We can see it's generally arond 50k (==50hz), but it looks like there are some 0s that are probably 
junk. So if we plot it, it'll be hard to read.

In [None]:
px.line(bess, x=bess.index, y='Grid_frequency')

In [None]:
# You can zoom in manually, or just drop the 0s for now
tp = bess.loc[bess.Grid_frequency > 0]
px.line(tp, x=tp.index, y='Grid_frequency')  # note we can omit the x here; it will default to the index

So generally the frequency is 50hz +/- .1hz, though keep in mind we heavily downsampled, so might be losing
larger excursions.

## Temperature

In [None]:
bess['temperature_celsius'] = bess['Temperature'] / 10  # Raw data uses deci-ceslsius
px.line(bess, y='temperature_celsius', labels={'temperature_celsius': '°C'}, title='System temperature')

In [None]:
# We see a daily rhythm to the temperature.

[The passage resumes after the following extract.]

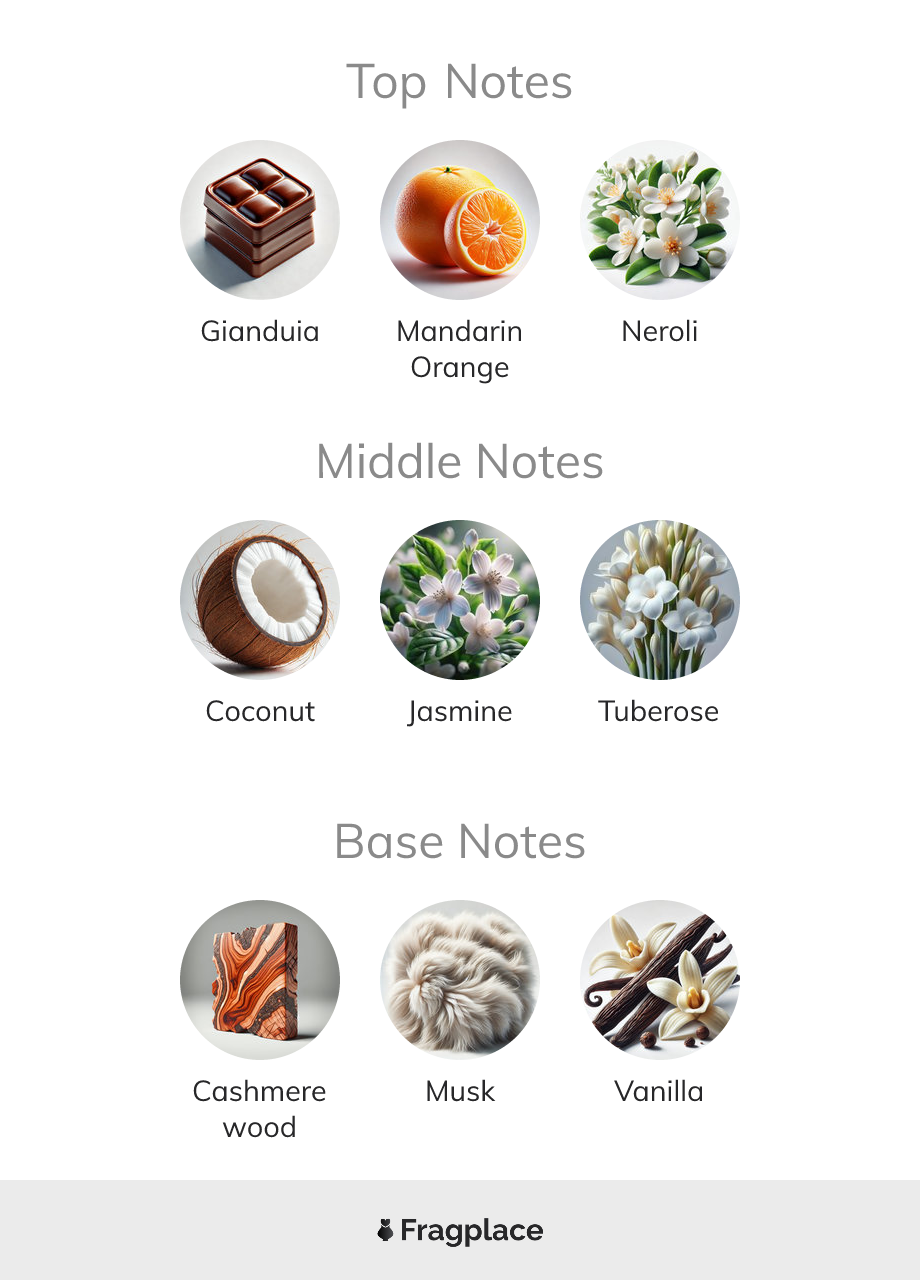 Ermanno Scervino Eau de Parfum, from Ermanno Scervino was released in 2019. The perfumer behind this creation is Julie Massé, Mathilde Bijaoui, and Véronique Nyberg. It has the top notes of Gianduia, Mandarin Orange, and Neroli, middle notes of Coconut, Jasmine, and Tuberose, and base notes of Cashmere wood, Musk, and Vanilla.

In Fahrenheight, the range is roughly 30-70°F.

# Let's also look at how these temperatures are distributed.
px.histogram(bess, x='temperature_celsius', title='Distribution of temperature', labels={'temperature_celsius': '°C'})

The mode is in the 8°-10°C range. Temperature has an impact on battery degradation, so it'll be useful to keep this range in mind.

## System power
Finally let's look at the power of the system

In [None]:
px.line(bess, y='M5BAT_P', labels={'M5BAT_P': 'kW'}, title='System power')

This feels familiar... 

At a high level, the system should be absorbing energy when the frequency is too high, and releasing energy when it is too low.

Can we see that behavior? Let's compare the active power to the grid frequency we looked at earlier.

In [None]:
tp = tp.loc[tp.Grid_frequency > 0]
px.scatter(tp, x='Grid_frequency', y='M5BAT_P', labels={'M5BAT_P': 'Power (kW)', 'Grid_frequency': 'Frequency (hz)'})


Indeed, they are closely related: when the frequency is low, the power is positive (battery discharging);
when it's high, the power is negative (battery charging).

We can also compute the correlation:

In [None]:
tp = tp.loc[tp.Grid_frequency > 0]
tp.Grid_frequency.corr(tp.M5BAT_P)

which shows a strong inverse correlation.

## Exercises

1. Look at the State Of Charge (SOC) of the batteries. How does this vary? How is it related the grid frequency?
2. We looked at the *active* power above. Does the *reactive* power look similar?